Wonderful to see the St. Ethelreda class of 1959 at last Summer’s 50th. A piece of me wishes I still lived in Chicago to be able to spend time with my classmates- especially after our special evening.

After 40 years in the medical electronics industry, I retired last May 8th and on the 9th the family headed for Italy (minus the 5 grandkids). Click the photo to the right of Angela, our children and spouses (and Memo the cook) to enlarge it.

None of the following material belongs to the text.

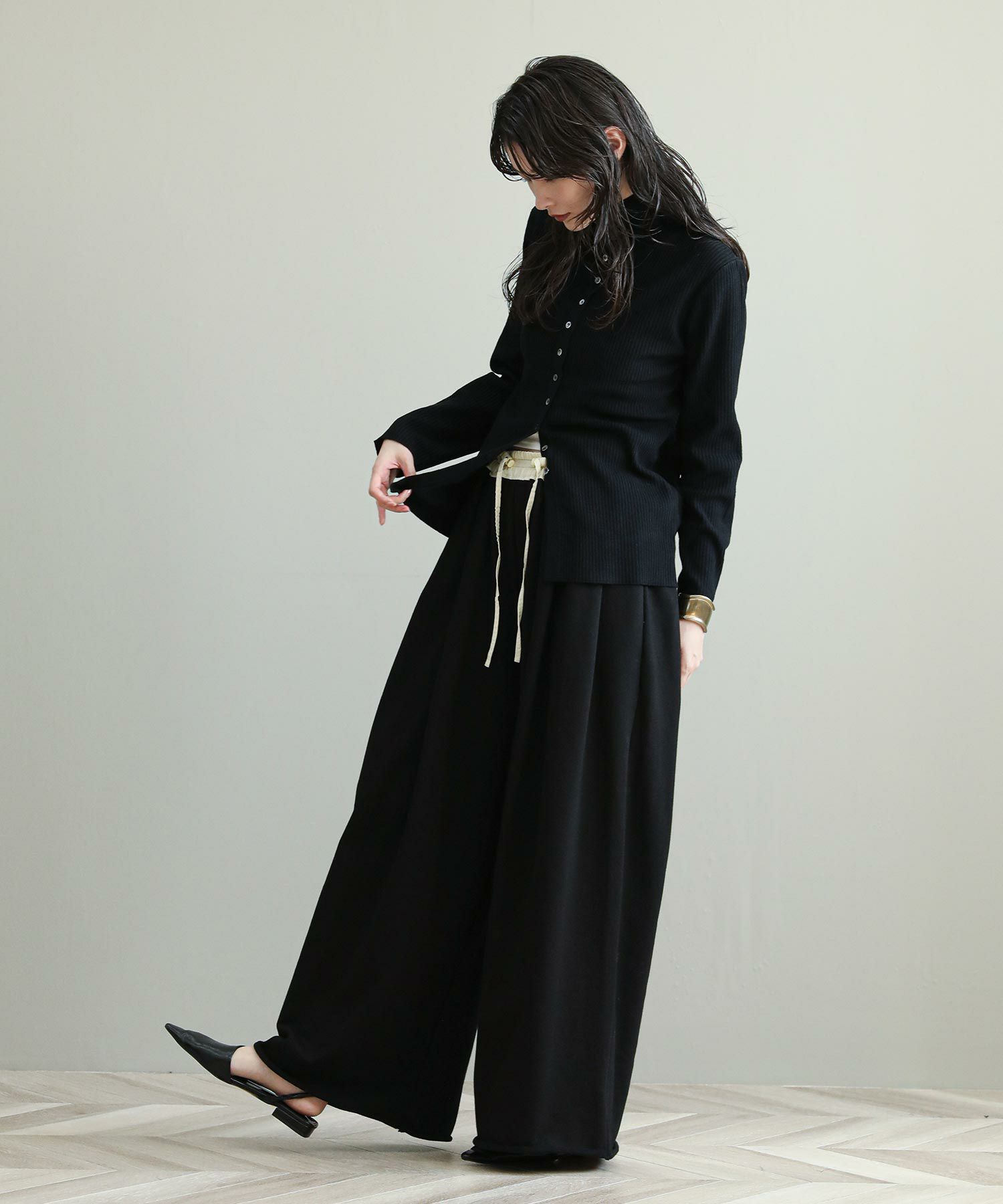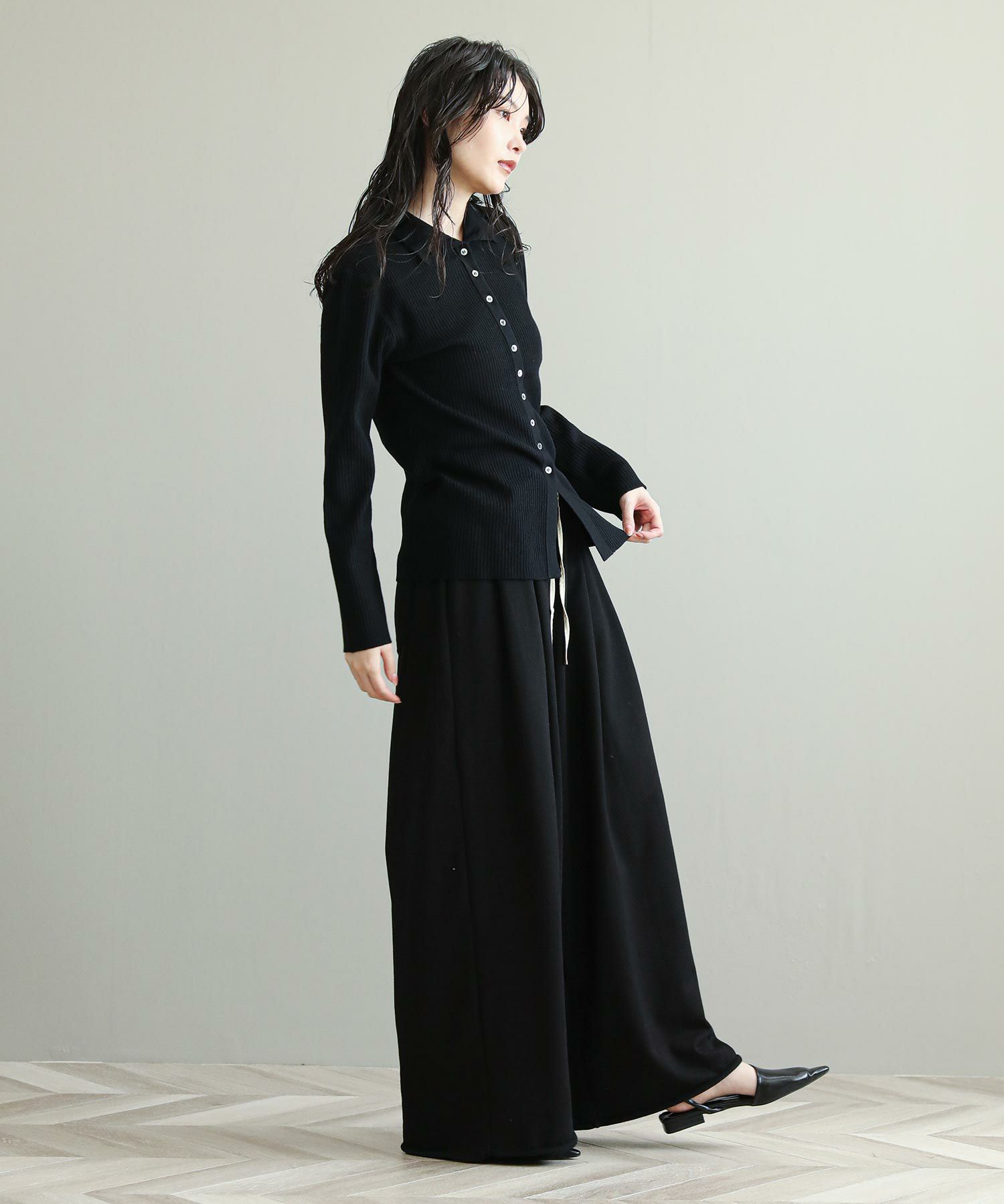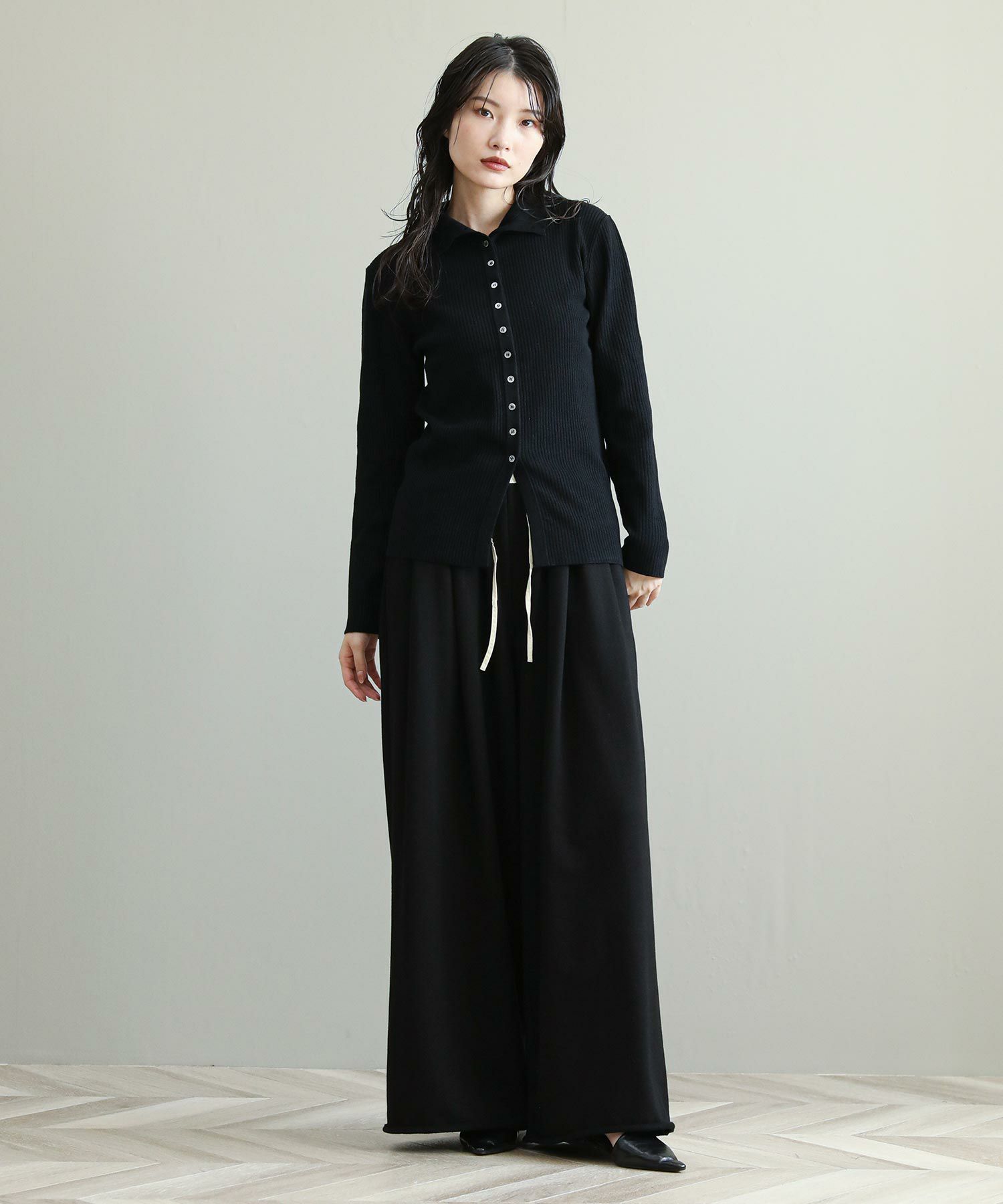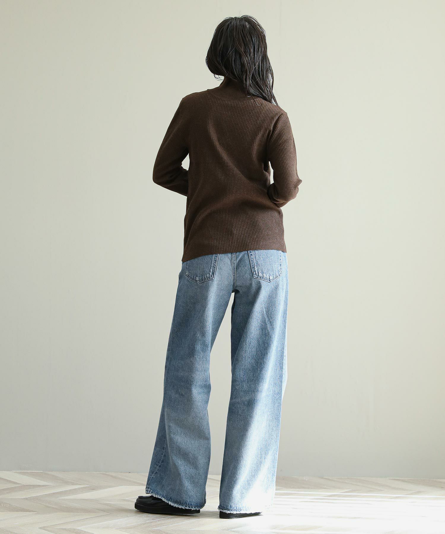 衿の釦を開けてシャツのような着こなしも出来る、マルチウェイニットです。前後を逆にして普通のタートルとして着て頂くことも可能です。身頃はボディラインが出にくい、リブ見えする編地で作られており、一枚でもシルエットを気にすることなく着ていただけます。

We have lived in Portland, Oregon since 1988; fortunately two of our children live in Portland and the other in Oakland, CA, so we are officially a West Coast family. If anyone plans to visit Portland and the beautiful Pacific Northwest, please do email, we would love visitors.

The past two years I have been actively involved in an orphanage and medical clinic in Uganda partnering with a great runner and even greater humanitarian from Uganda named Julius Achon. In January, Julius and I traveled to Uganda to work with the orphanage and begin planning to build a clinic in Julius’s village, Awake, in Northern Uganda. We will be heading back to Uganda in November and this time will visit a game park (although I am sure it will not match Sue Brown Bennett’s experience featured on the website). Please visit our website www.achonugandachildren.org

25 Year Reunion Questionnaire Response:

Married to Angela … 3 children (Michael 13, David 10, and Molly 6). Vice-President of Sales &
Technical Service with Physio Control Corp. Marquette University B.S. in 1967 and Medical College at Wisconsin for an
M.S. in 1969. Enjoy marathon running, mountain climbing, traveling and spending time with my family. Joined Baxter
Labs 1970 moved to Davenport, 1972 promoted and moved to Minneapolis. 1974 joined Physio Control, 1976 promoted and
moved to Atlanta, 1978 promoted and moved to New York, 1978 promoted and moved to Seattle, 1980 promoted, 1982 promoted
to present position. Living in Redmond, Washington.